Article 10: Your rights
You have the right to access, correct, erase, restrict, transfer, or object to the personal data that we process, unless we cannot execute these rights based on a legal obligation or whenever exceptions apply. For example, we are required to keep certain personal and payment data based on legal obligations (as stated under point 6), which means that we cannot always delete all of your personal data when you request it.

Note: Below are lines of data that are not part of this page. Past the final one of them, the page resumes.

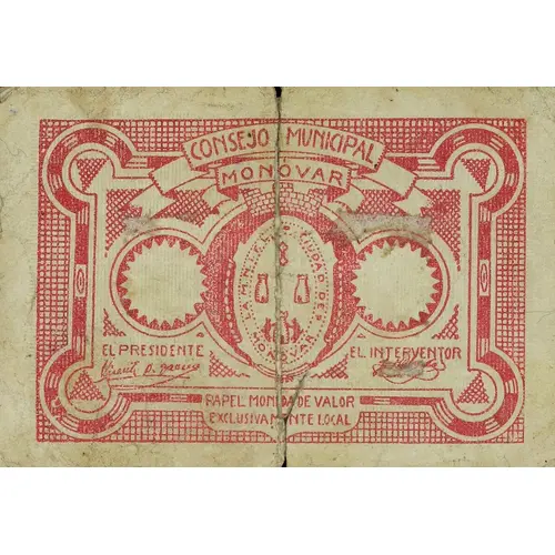 CONSEJO MUNICIPAL MONÓVAR LA M. N. I. F. L. (Muy Noble Ilustre Fiel Leal) CIUDAD DE MONOVAR PAPEL MONEDA DE VALOR EXCUSIVAMENTE LOCAL (Translation: Municipal Council Monóvar The `Very Noble Illustrious Faithful Loyal` city of Monovar Paper money of exclusively local value) |
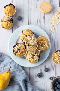 Heute möchte ich dir ein wunderbares Blaubeeren Muffins mit Birnen vorstellen, das nicht nur beim Frühstück super ankommt, sondern auch als Snack für zwischendurch, für die Brotdose oder sogar bei Kindergeburtstagen bestens geeignet ist. Diese Blaubeeren Muffins Rezept mit Birnen sind ideal für kleine Kinderhände und perfekt für breifrei (Baby Led Weaning) Babys, die um den 9. Monat herum schon sicher kauen können und erste Erfahrungen mit fester Nahrung gemacht haben.
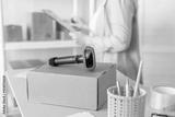 Woman employee of post office scanning parcel using barcode scanner to confirm sending customer. Home delivery service.
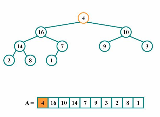 - BUILD-HEAP(A,n) 의 알고리즘은 다음과 같이 동작합니다.
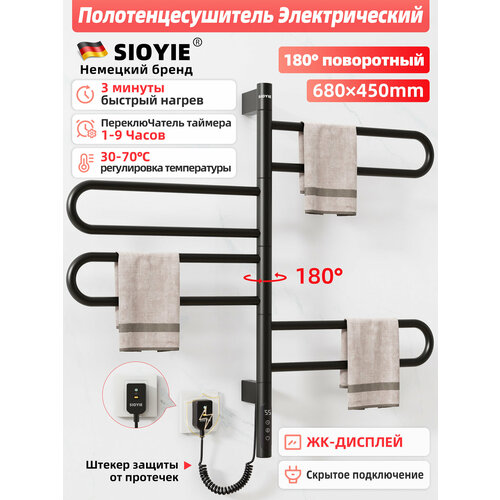 Полотенцесушитель электрический поворотный SIOYIE G65 430мм 780мм, нержавеющая сталь черный форма F-образная
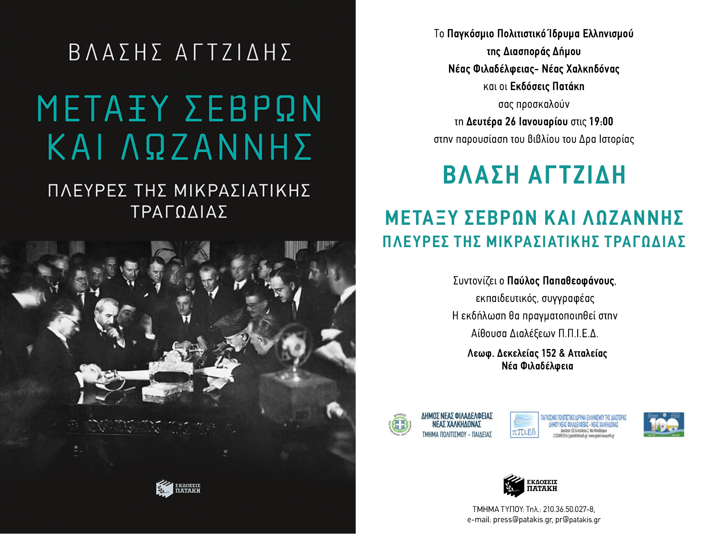 Το ΠΠΙΕΔ του Δήμου Νέας Φιλαδέλφειας – Νέας Χαλκηδόνας και οι Εκδόσεις Πατάκη παρουσιάζουν το βιβλίο του Δρα Ιστορίας Βλάση Αγτζίδη “Μεταξύ Σεβρών και Λωζάννης” – Πλευρές της Μικρασιατικής τραγωδίας. Η εκδήλωση θα λάβει χώρα τη, Δευτέρα 26 Ιανουαρίου 2026, στις 7.00′ μ.μ. στην αίθουσα εκδηλώσεων του ΠΠΙΕΔ.
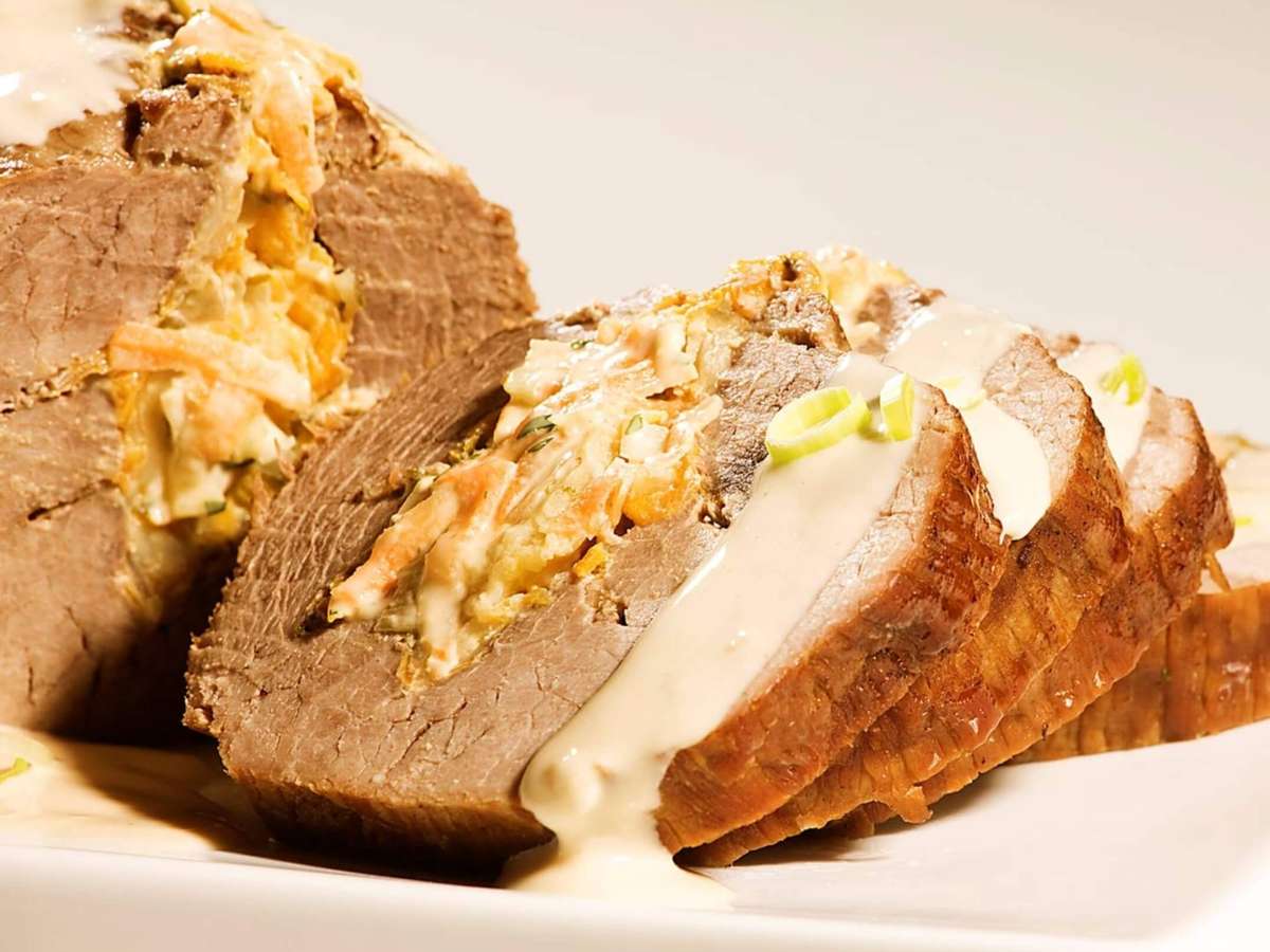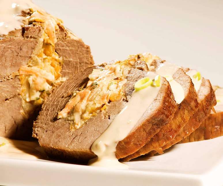 Com uma faca afiada, corte a carne ao meio, no sentido do comprimento e sem separar as partes, formando um bolso. Tempere com o sal e reserve. Em uma tigela pequena, coloque o alho-poró, a cenoura, o pão, o cheiro-verde e uma colher de sopa de maionese. Misture e recheie a carne. Prenda as bordas da carne com palitos de madeira e reforce com barbante para não vazar o recheio. Reserve.
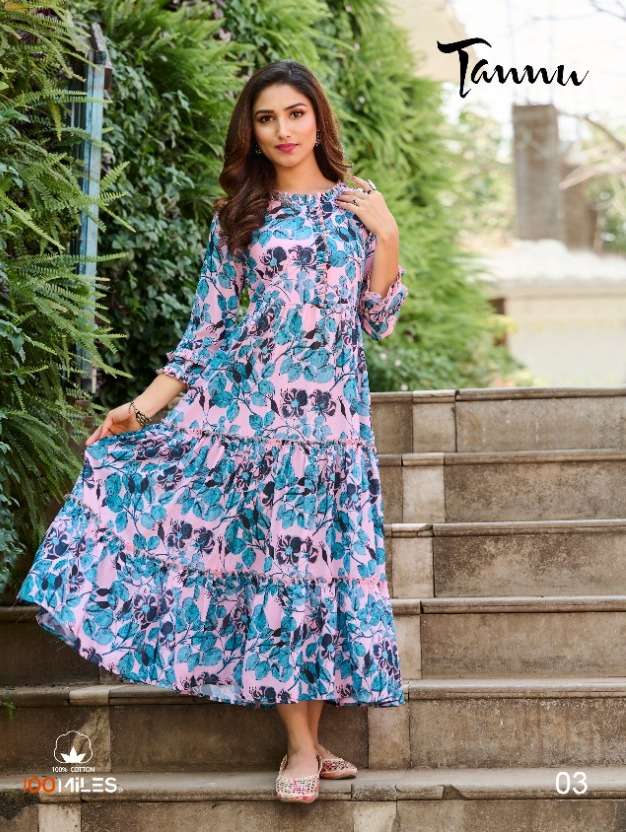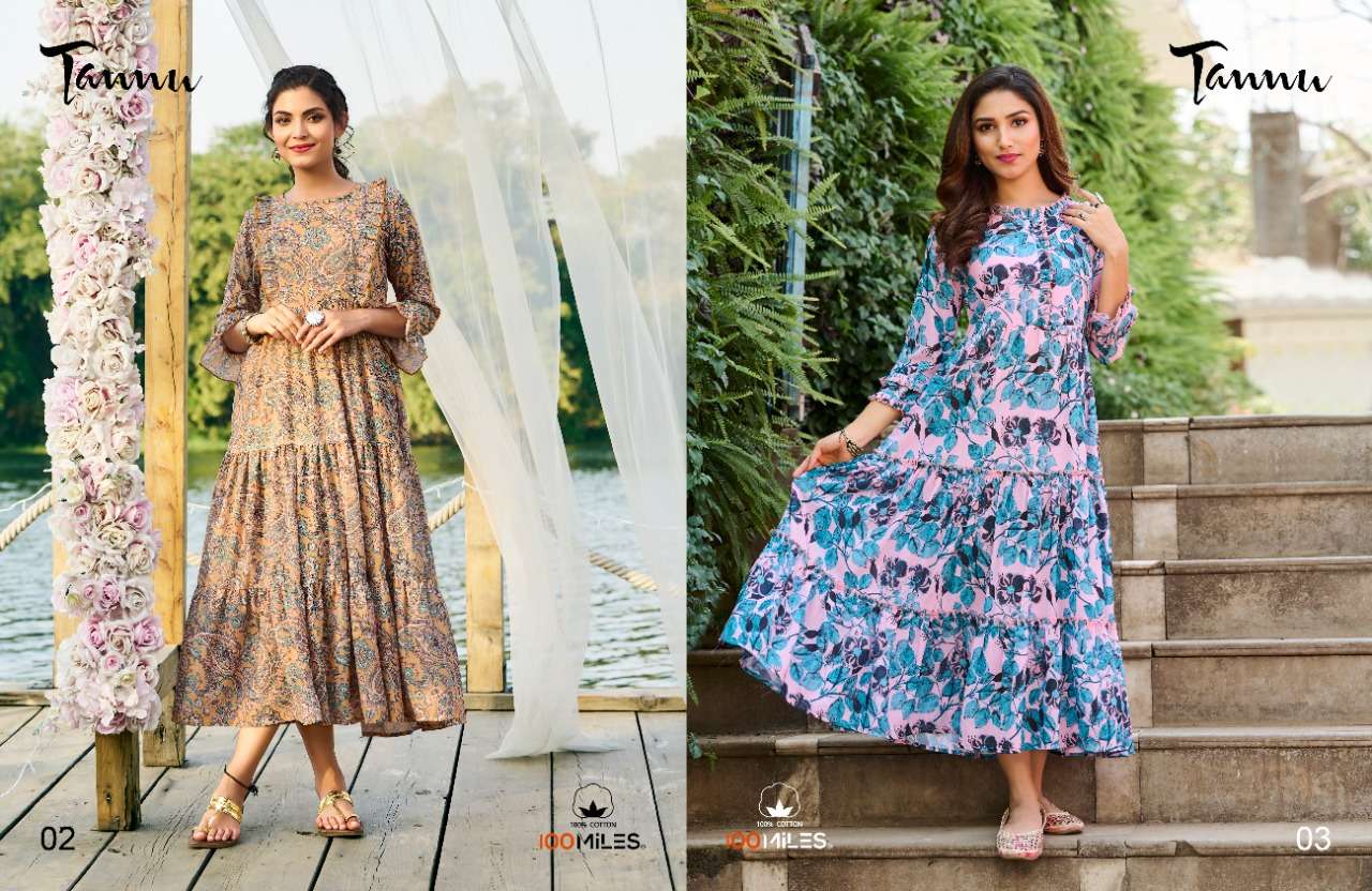 Catalog : TANNU Style : Premium georgette long dress with pure cotton inner and with detailing and flair gathers. Length: 49”-50” BRAND : 100MILES®️ SIZES : 2XL |

You can send your request to exercise your privacy right(s) to dpo@prosper.exchange. If we are not able to verify it is you directly, we may ask you to send a copy of your identification (i.e. a passport or identity card). Please make sure that in this copy your passport photo, MRZ (machine readable zone, the strip with numbers at the bottom of the passport), passport number and citizen service number (BSN) have been redacted to protect your privacy. We will then respond to your request as soon as possible, but in any case within one month after receipt, unless the request is of such excessive nature that we may extend that period with another 2 months.
Article 11: Contact
If you have any questions about this agreement, please feel free to contact us at support@prosper.exchange
Article 12: Data protection officer
You can reach Prosper’s Data Protection Officer at dpo@prosper.exchange.
Complaints
You can also complain about our processing of your personal information to the relevant data protection authority. You can complain in the EU member state where you live or work, or in the place where the alleged breach of data protection law has taken place. In the Netherlands, the relevant data protection authority is the Autoriteit Persoonsgegevens (AP).